Why I like to build things of my own

I’ve been absent from this platform for a while. I wanted to take some time off to think about whether I wanted to continue writing articles of the sort that grew my readership or to change course and write about what I really wanted to write about — the journey of building something of your own.

I’ve made my decision. I’ll still occasionally write about topics related to how to build a startup, but for now I’ll write mostly about my personal experience of building something of my own.

For this article, I don’t have a clear one sentence answer for why I like to build things of my own other than “it excites me.”

For the past few months, I’ve been working on an app with two friends and on my YouTube channel. They’ve been my two projects for a while, and from them I think I can explain why I like to do them.

Perhaps the insights I share might help you put into words why you want to do something of your own (if you’re thinking about doing something of your own) or why you should continue to do something of your own (if you’re about to quit).

A cartoon dumpling being picked up by a pair of chopsticks
Icon made by https://www.flaticon.com/authors/freepik (Freepik) from https://www.flaticon.com/ (Flaticon)

I built an app

It’s called Piky on the Apple App Store (see above for the app’s icon) and is an app that shows you restaurants in NYC recommended by popular IG foodies.

Putting all this effort into one project once again uncovered the age old question of why, which I had for a while been avoiding for fear of providing an inadequate answer to myself. Feelings of excitement guided me from idea to the launch of our MVP and today felt like the day to put those feelings into words.

So today, I asked myself why.

Why did I put all this time into building Piky?

For the app, the answer was clear.

I built it because I enjoy the process of building technology that connects people to things that they would enjoy.
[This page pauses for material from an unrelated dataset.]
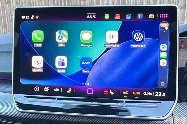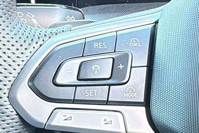 Activated carbon canister, Adaptive cruise control (ACC), Advanced driver attention and drowsiness monitor, Dynamic road sign display, Dynamic steering, E-Sim card for online connectivity, eCall emergency call system, Multi-color Digital cockpit pro, selection of different info profile possible, Multifunction front facing camera for distance control, Navigation system, Oncoming vehicle braking when turning including swerve support, Speed limiter, Speedo, rev counter, electronic odometer, trip, service interval display, exterior temperature and fuel gauge, Traffic jam assist, Voice enhancer and voice control, Warning signal and warning light for front and rear seatbelts not fastened, We connect plus preparation, We connect preparation, Wireless app connect, Hybrid propulsion system, Petrol Particulate Filter, Start-stop system with battery regeneration (recuperation - energy recovery during braking), XDS electronic differential lock for improved traction and handling, 2 USB C ports in front, 2 USB charging sockets on the centre console in the rear charging capacity upto 45W, Digital radio reception (DAB), Diversity antenna for FM reception, Gaming platform via car app, Infotainment system with 12.9" display, Mobile phone interface with inductive charging feature, 3rd brake light, Automatic headlamp activation with Coming home and Leaving home feature, Body colored bumpers in R-Line style, Body colour door handles, Exterior mirrors convex on the left and aspherical on the right, Front and rear electric windows, Heat insulating windshield made of laminated glass, LED separate daytime running light, Rear exhaust tailpipe, Rear fog light on one side and reversing lights on both sides, Rear side wing doors, Rear windscreen washer and wiper with interval delay, Remote electrically foldable door mirrors, puddle lights and reverse activated passenger's door mirror, Welcome light with surround lighting, 12V socket in front centre console, 12V socket in luggage compartment, 3 rear head restraints, 3 seat bench in 2nd row, Ambient lighting with 30 colour including LED light unit in front footwell with selectable light colour, Black roof lining, Brushed stainless steel pedals, Chrome plated radiator grille inserts, air vent surrounds and light switch surrounds, Door insert, side trim panel and arm support in leatherette, Front + rear black carpet mats, Front centre armrest, Front seat lumbar support adjuster, Integrated front head restraints, ISOFIX anchors for child seats on outer rear bench seats and on front passanger seat compatible for i-Size, Luggage compartment lighting, Manual height adjustable front passenger seat, Manually height adjustable driver seat, Plastic gear knob, Premium sports seats in front, Rear cupholder and loadthough, Sardegna cloth upholstery with front and outer rear seats Art Velour inner sides of bolsters, Single front passenger seat, Split folding backrest with centre armrest and unsplit rear seat bench, Sun visors with illuminated vanity mirrors, Titanium black instrument panel, 3 point height adj front seatbelts + pretensioners, 3 rear three point seatbelts, ABS, Autonomous emergency braking front assist with pedestrian and cyclist monitoring, Child locks on rear doors, Driver and front passenger airbag with front passenger airbag deactivation, Electronic parking brake with auto hold, ESC (Electronic Stability Control), Extended pedestrian protection measures, Hill start assist, Rear disc brakes, Two tone horn, Tyre pressure loss indicator, Volkswagen roadside assistance, Anti theft wheel bolts, Preparation for alcohol interlock, Decorative inserts carbon grey for dashboard and front door trim panels, Tool kit for tyre mobility set, Tyre mobility kit Includes 12V compressor and tyre sealant,

Something wholesome and unique, like a great restaurant and the great memories that come from having a great meal with friends or someone you just met.

An image of a phone with the YouTube loading screen displayed.
Photo by Sara Kurfeß on Unsplash

I’ve been doing YouTube for almost a year

While thinking about Piky, I also started to think about my YouTube channel.

I do YouTube for the people.

Let me explain.

Growing up, I had a solid group of friends. People I would meet every single day.

But one day, that changed. I got a bad grade on an exam and felt judged for it. I felt shame and this helplessness that came from not being able to rewind the clock and study harder for the exam.

The fear of getting judged pushed me away from the people I once considered my friends. It turned life into a binary situation where it was either work as hard as possible and rise above everyone else to avoid judgment forever or forever live in judgment because of inadequacy.

I’m no longer that person today. Life is no longer binary for me. Perhaps it was doing everything right to the tee and still not creating ideal situations that made me start questioning whether life was really just about avoiding the judgment of others and pleasing all those around me, especially authority figures.

But to cut things short, I’m slowly moving away from being the people pleaser and avoider of judgment. As I’ve started growing a community (r/nyctakeout on Reddit), I’ve come under judgment and accepted that sometimes, coming under judgment is simply a natural side-effect of standing out.

So what does this have to do with YouTube?

Well, for one thing, I know there are plenty of other individuals out there right now in the situation that I was once in.

Unsure of how to start, doubtful of their abilities, and fearful of uncertainty — who want to make the leap into the unknown and try something new like building an app, going to a different country, and so on. Who just need that nudge.

I want my channel to be something that can help these people see past their current situation and nurture that feeling of excitement and wonder that comes from doing what they want to do, and not what they are told is the “right thing” to do.

And that it is possible to create your own rules and find your own ways of moving forward. Can’t find a developer for your app? Pitch people on LinkedIn. Don’t know how to make a video? Watch lots of videos and set a goal to make a short 1 minute video in a day.

It excites me to know that there are at least a couple of people who find my channel useful for making them feel like what they want to do is viable and possible, and acceptable. I hope my channel continues to help people in that way.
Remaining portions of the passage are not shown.